Doc4 = Among the all time greats. 

This document or review is **ordered sequence of words** and through tokenization we can break this document into words.

Doc4 = ['Among', 'the', 'all', 'time', 'greats']

But we see all our data is text and we know that for all the algorithms to work we need to have numeric data. 

**So how do we convert the text data to numeric data?**

In other words, we need each word to have a numeric encoding:

'Among' --> x0 (numeric encoding) 

'the' --> x1 (numeric encoding) 

'''''

But what is that numeric reprsentation?

## One-hot Encoding

In [None]:
columns=['excellent', '.', 'greats', 'the', 'pass', 'worst', 'time', 'disgusting', 'all', '!', 'movie', 'among']

features=[[1,0,0,0,0,0,0,0,0,0,1,0],
          [0,0,0,0,0,0,0,1,0,1,0,0], 
          [0,0,0,0,1,0,1,0,0,0,1,0],
          [0,0,1,1,0,0,1,0,1,0,0,1],
          [0,1,0,0,1,1,1,0,0,0,1,0]]

pd.DataFrame(features, columns=columns, index=doc_id)

Unnamed: 0,excellent,.,greats,the,pass,worst,time,disgusting,all,!,movie,among
doc1,1,0,0,0,0,0,0,0,0,0,1,0
doc2,0,0,0,0,0,0,0,1,0,1,0,0
doc3,0,0,0,0,1,0,1,0,0,0,1,0
doc4,0,0,1,1,0,0,1,0,1,0,0,1
doc5,0,1,0,0,1,1,1,0,0,0,1,0


### Issues with this encoding

- We lose the order/sequence and hence the context.
- Here the vocabulary was of 12 words but imagine a case where we have 1 million words as vocabulary. We will end up with massive vocabulary and features/dimensions.
- With bigger vocabulary, we end up with high sparsity i.e. most of the cells are empty or 0. For instance, doc2 would be filled for only 2 columns out of 1 million columns of vocabulary.
- Since we are just capturing the presence of the word, we lose the frequency information i.e. even if the word is repeated multiple times, we just capture it only once. Doc1 has 'excellent' twice but the value shown is 1.
- This does not capture any meaning or relationship between the words.


## Count Vectorizer

Encodes as the frequency of the word i.e. how often the word is used in the document.

In [None]:
restaurant_reviews = ['the food was very bad','the place was very bad, the food was bad and the service was very bad as well']
restaurant_reviews

['the food was very bad',
 'the place was very bad, the food was bad and the service was very bad as well']

In [None]:
rest_review_id = ['doc'+str(i+1) for i in (list(range(len(restaurant_reviews))))]
rest_review_id

['doc1', 'doc2']

In [None]:
restaurant_ds=pd.DataFrame({'reviews': restaurant_reviews}, index=rest_review_id)
restaurant_ds

Unnamed: 0,reviews
doc1,the food was very bad
doc2,"the place was very bad, the food was bad and t..."


In [None]:
lst_words=[]
for review in restaurant_reviews:
    for token in word_tokenize(review):
        lst_words.append(token)

rest_vocab = set(sorted(lst_words))
print(rest_vocab)

{'as', 'the', 'service', 'bad', 'and', 'well', 'food', ',', 'was', 'very', 'place'}


In [None]:
rest_columns=['the', 'well', 'place', 'bad', 'and', 'as', 'very', 'food', 'service', ',', 'was']

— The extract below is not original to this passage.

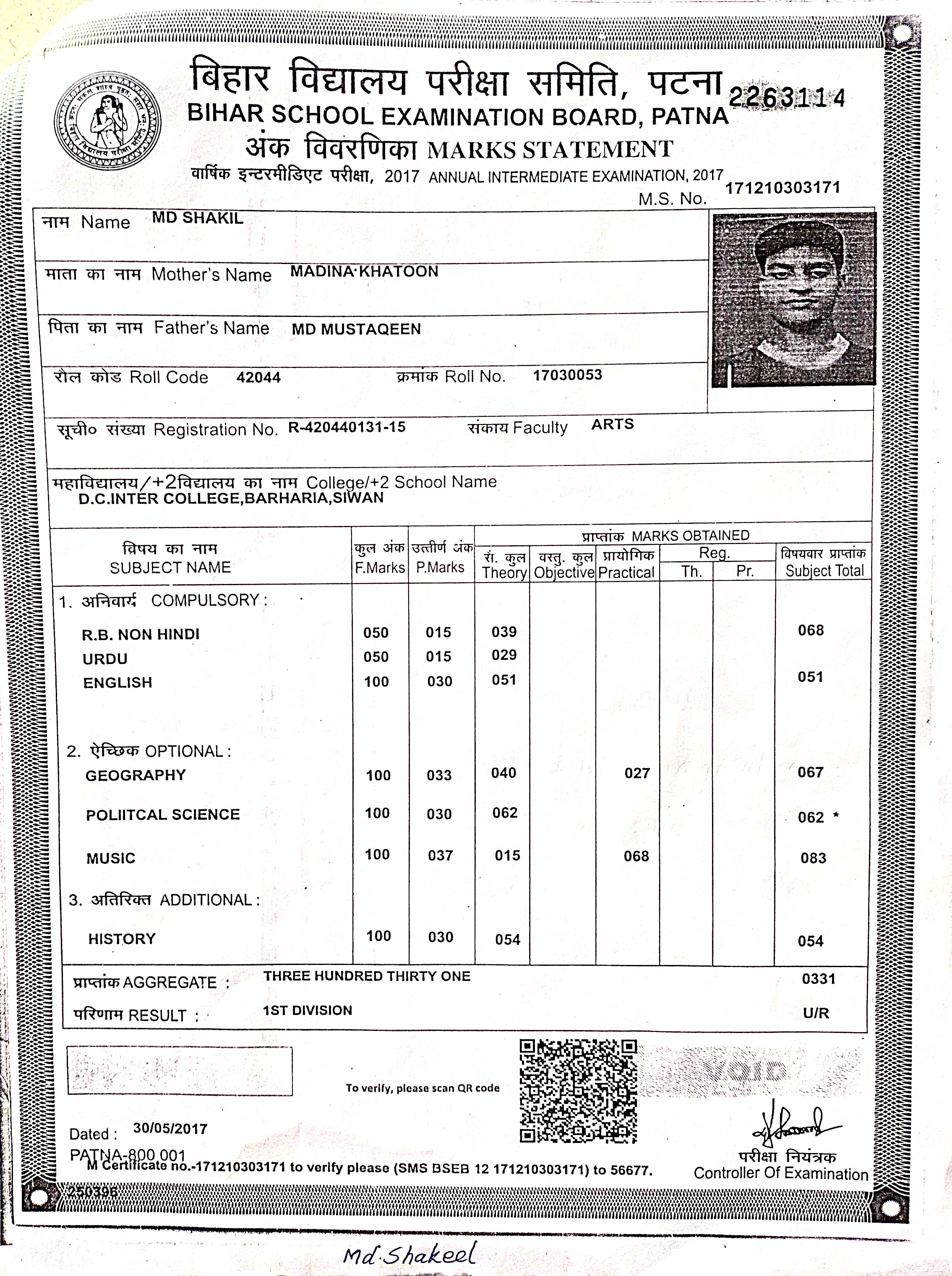 | Exam | Full Marks | Pass Marks | Marks Obtained |

rest_features=[[1,0,0,1,0,0,1,1,0,0,1],
              [3,1,1,3,1,1,2,1,1,1,3]]

pd.DataFrame(rest_features, columns=rest_columns, index=rest_review_id)

Unnamed: 0,the,well,place,bad,and,as,very,food,service,",",was
doc1,1,0,0,1,0,0,1,1,0,0,1
doc2,3,1,1,3,1,1,2,1,1,1,3


### Issues with this encoding

This encoding address the frequency issue of OHE but still has the following issues:

- We lose the order/sequence and hence the context.
- Here the vocabulary was of 12 words but imagine a case where we have 1 million words as vocabulary. We will end up with massive vocabulary and features/dimensions.
- With bigger vocabulary, we end up with high sparsity i.e. most of the cells are empty or 0. For instance, doc2 would be filled for only 2 columns out of 1 million columns of vocabulary.
- This does not capture any meaning or relationship between the words.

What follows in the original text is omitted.